What you should do:
An exact transcription of all the records below is required, without any images.

[[ Source data open ]]

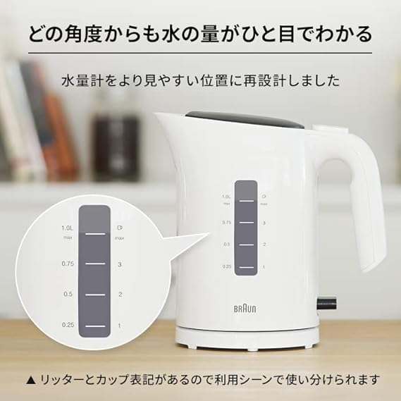 ブラウン(BRAUN) ピュアイーズ 電気ケトル(1.0L) ホワイト WK304AJ-WK3000WH
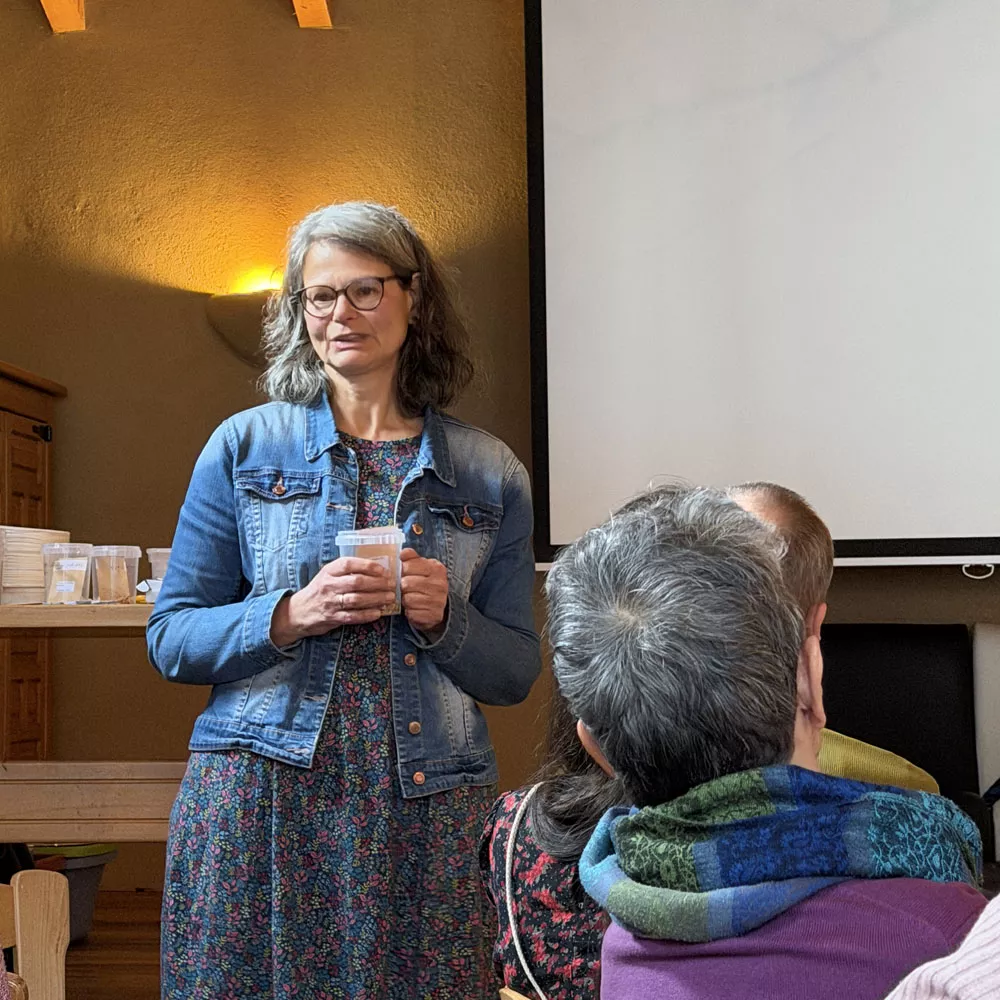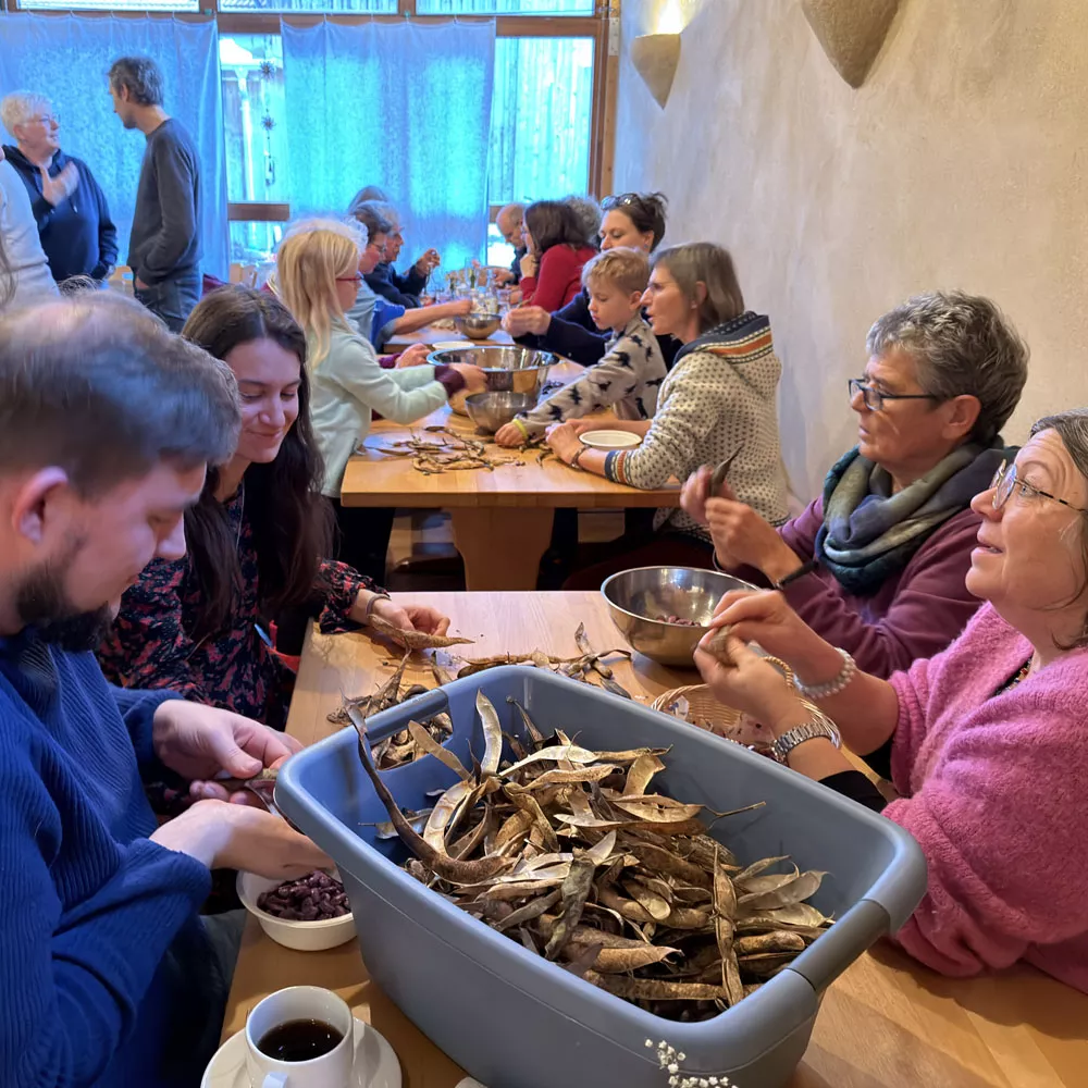 Mit Live-Musik von unseren SoLaWi-Musikern und köstlichem Kaffee und Kuchen haben wir bei angeregter Unterhaltung Saatgut gepult und in Tütchen verpackt.
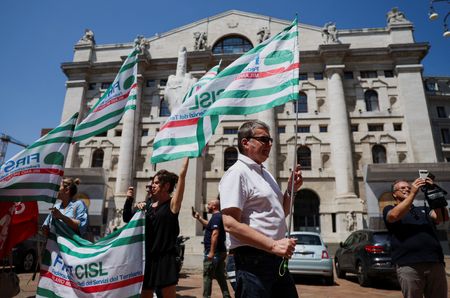 MILAN (Reuters) -Workers waving flags demonstrated outside the Milan Stock Exchange on Thursday as they staged a historic strike to protest against the way it is being run by owner Euronext.
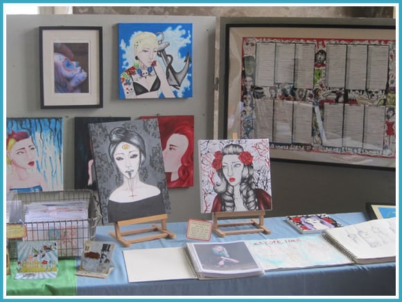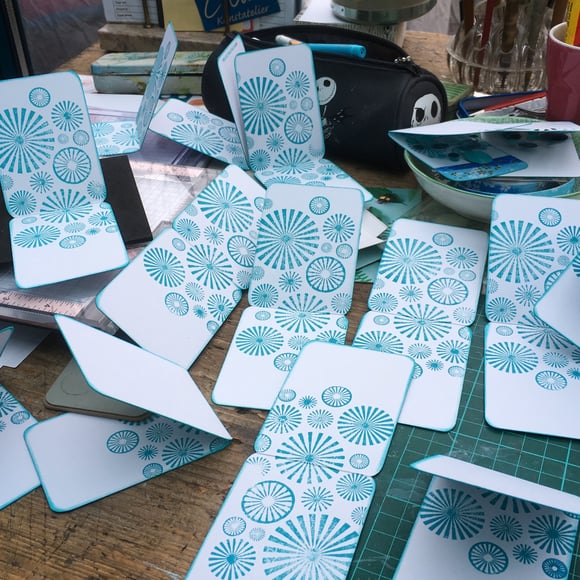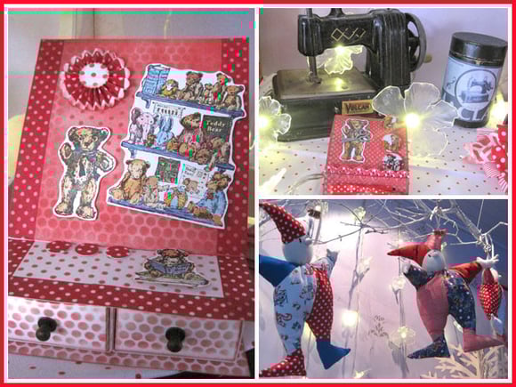 The print shows all kinds of things I make: sweets, books, softie harlequins, postcards, pop up cards, 3D projects,...
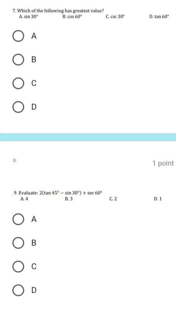 Posting Komentar untuk "The Value Of Tan 45/ Sin 30 + Cos 60 Is / Find The Value Of I Sin 30 Cos 60 Ii Sin 0 Cos 0 Iii Tan 45 Tan 37 Iv Sin 390 V Cos 405 Vi Tan 420 Vii Sin 150 Viii Cos / Which of the following statements is correct?"
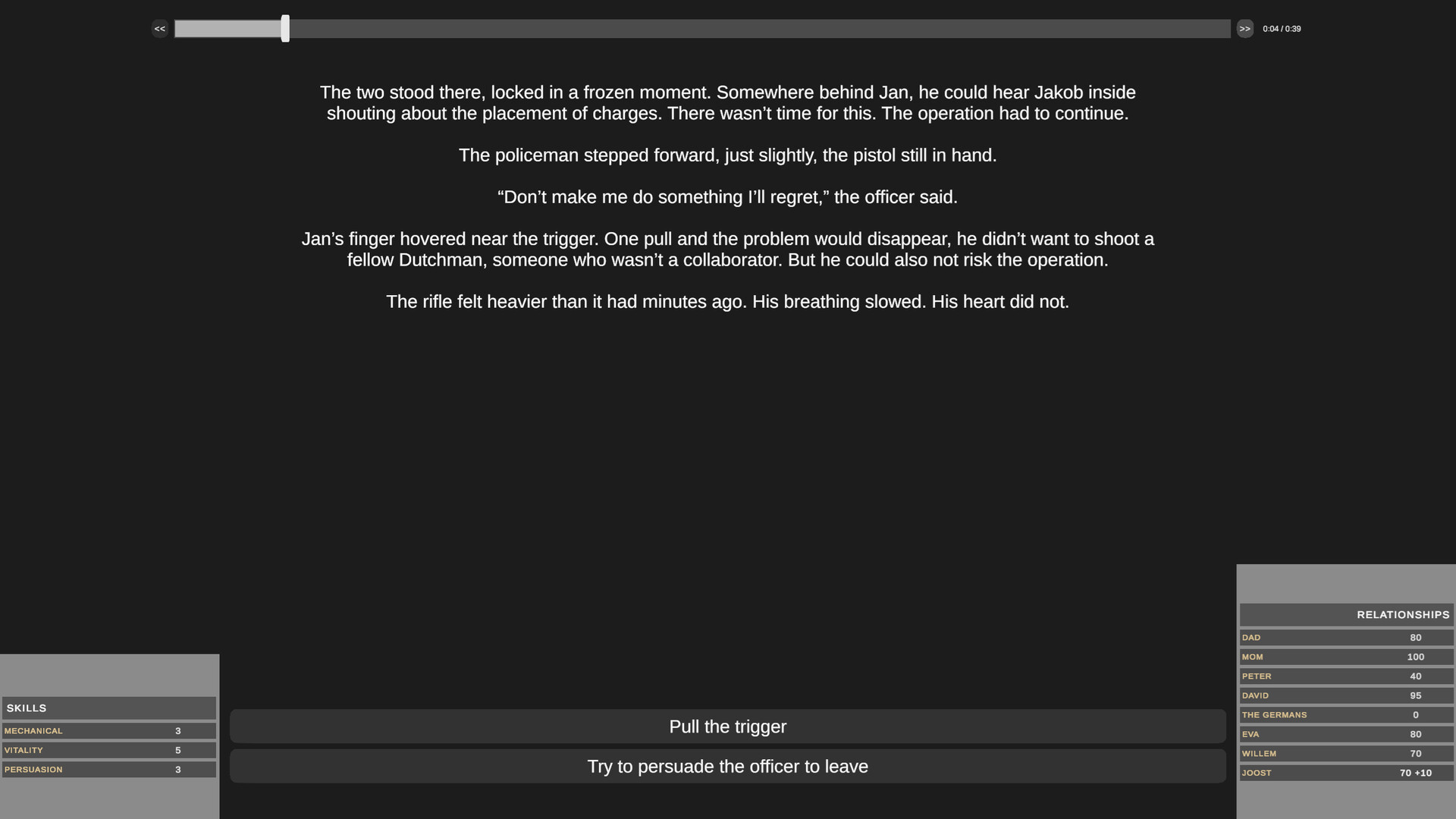 A fully narrated branching narrative game set in occupied Netherlands during World War 2. Every choice shapes the fate of a young Dutch civilian. Will you resist the Germans? Simply try to survive? Or join them in the fight against Bolshevism? Based on real events.

[[ Source data closed ]]

Answer area:
 ブラウン(BRAUN) ピュアイーズ 電気ケトル(1.0L) ホワイト WK304AJ-WK3000WH
 Mit Live-Musik von unseren SoLaWi-Musikern und köstlichem Kaffee und Kuchen haben wir bei angeregter Unterhaltung Saatgut gepult und in Tütchen verpackt.
 MILAN (Reuters) -Workers waving flags demonstrated outside the Milan Stock Exchange on Thursday as they staged a historic strike to protest against the way it is being run by owner Euronext.
 The print shows all kinds of things I make: sweets, books, softie harlequins, postcards, pop up cards, 3D projects,...
 Posting Komentar untuk "The Value Of Tan 45/ Sin 30 + Cos 60 Is / Find The Value Of I Sin 30 Cos 60 Ii Sin 0 Cos 0 Iii Tan 45 Tan 37 Iv Sin 390 V Cos 405 Vi Tan 420 Vii Sin 150 Viii Cos / Which of the following statements is correct?"
 A fully narrated branching narrative game set in occupied Netherlands during World War 2. Every choice shapes the fate of a young Dutch civilian. Will you resist the Germans? Simply try to survive? Or join them in the fight against Bolshevism? Based on real events.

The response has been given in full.